On the day that Pa nearly drowns Ma in a tub of washing water, the children and their mother escape into the cane fields to wait out Pa's rage. But eight-year-old Rama, catches a chill in the rain and falls ill. What follows is a tale of the inheritance of loss. It contains a heart-stopping intensity that places it as one of the greatest Caribbean novels ever...

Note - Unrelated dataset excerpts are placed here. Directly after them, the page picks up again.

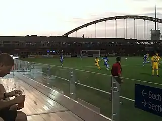 Construction of the stadium was scheduled to begin in late March to early April 2012 and to be completed during summer 2012.[2] However, construction at the site began in August, several months behind schedule, and the stadium's opening was scheduled for fall 2012 maybe as soon as late September.[18] The first Riverhounds match at the stadium was played on 13 April 2013 to a sold-out crowd, several months after the anticipated opening date.[19][20] Naming rights for the stadium were purchased by Pittsburgh-based health insurance company Highmark and the stadium was subsequently named Highmark Stadium. Once completed, the Riverhounds became only the third USL Pro team to have their own soccer-specific stadium, along with the Charleston Battery (Blackbaud Stadium) and the Rochester Rhinos (Sahlen's Stadium).[2]
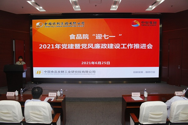 6月25日,中國食品院黨委召開“迎七一”2021年黨建暨黨風廉政建設工作推進會議,黨委書記董偉紅、總經理董建輝、食品院黨政領導班子成員、各部門主任、全體黨員和中食公司黨政領導班子成員參加。
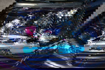 Esta es mi preparación favorita, simplemente por el enorme trabajo que lleva encima. El coche ha sido preparado por David Huang, un estadounidense que ha invertido más de 100.000$ en la berlina compacta. Lleva un motor 2JZ-GTE con tecnología VVT-i que ha sido elevado hasta más de 1.000 CV mediante un sistema de doble turbocompresión en serie de HKS, con turbinas de proporciones épicas. Prácticamente nada es de serie al abrir el capó, sólo hay que ver detalles como la admisión o la tapa de válvulas.
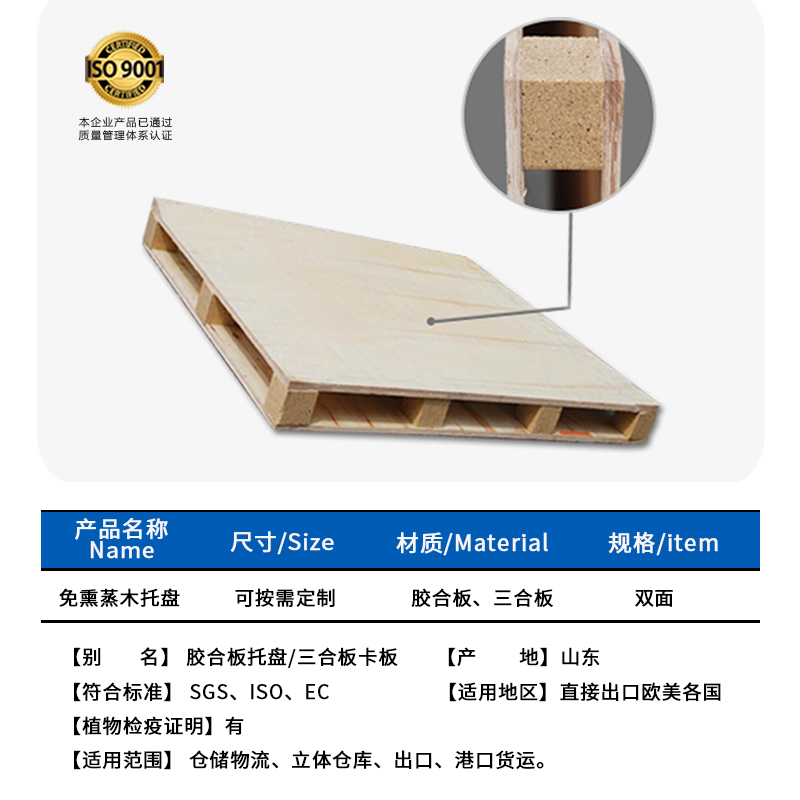 与熏蒸木托盘(实木托盘)相比,免熏蒸木托盘(胶合板托盘)具有以下特点:

Harold Sonny Ladoo was born in Trinidad in 1945 and emigrated to Toronto in 1968 with his wife and two children. In 1972 he graduated from the University of Toronto and his first novel, No Pain Like This Body
, was published, earning Ladoo immediate recognition as a new literary talent. The following year he returned to Trinidad to settle a land dispute but was murdered. He was just twenty-eight. His second novel, Yesterdays
, was published posthumously in 1974.
Monique Roffey was born in Port of Spain, Trinidad. She is the author of seven novels and a memoir. The Mermaid of Black Conch won the Costa Book of the Year and the Costa Novel Award 2020. It was shortlisted for the Rathbones Folio Prize 2021, the Goldsmiths Prize 2020 and the Republic of Consciousness Prize 2021, and longlisted for the Orwell Prize, the Ondaatje Prize and the OCM Bocas Prize for Caribbean Literature 2021. Her highly acclaimed previous books are sun dog, The White Woman on the Green Bicycle (shortlisted for the Orange Prize for Fiction 2010), Archipelago (winner of the OCM Bocas Award for Caribbean Literature 2013), House of Ashes (shortlisted for the Costa Novel Award 2014), The Tryst and With the Kisses of His Mouth. Monique Roffey is a Senior Lecturer at the Manchester Writing School at Manchester Metropolitan University and a tutor for the National Writers Centre.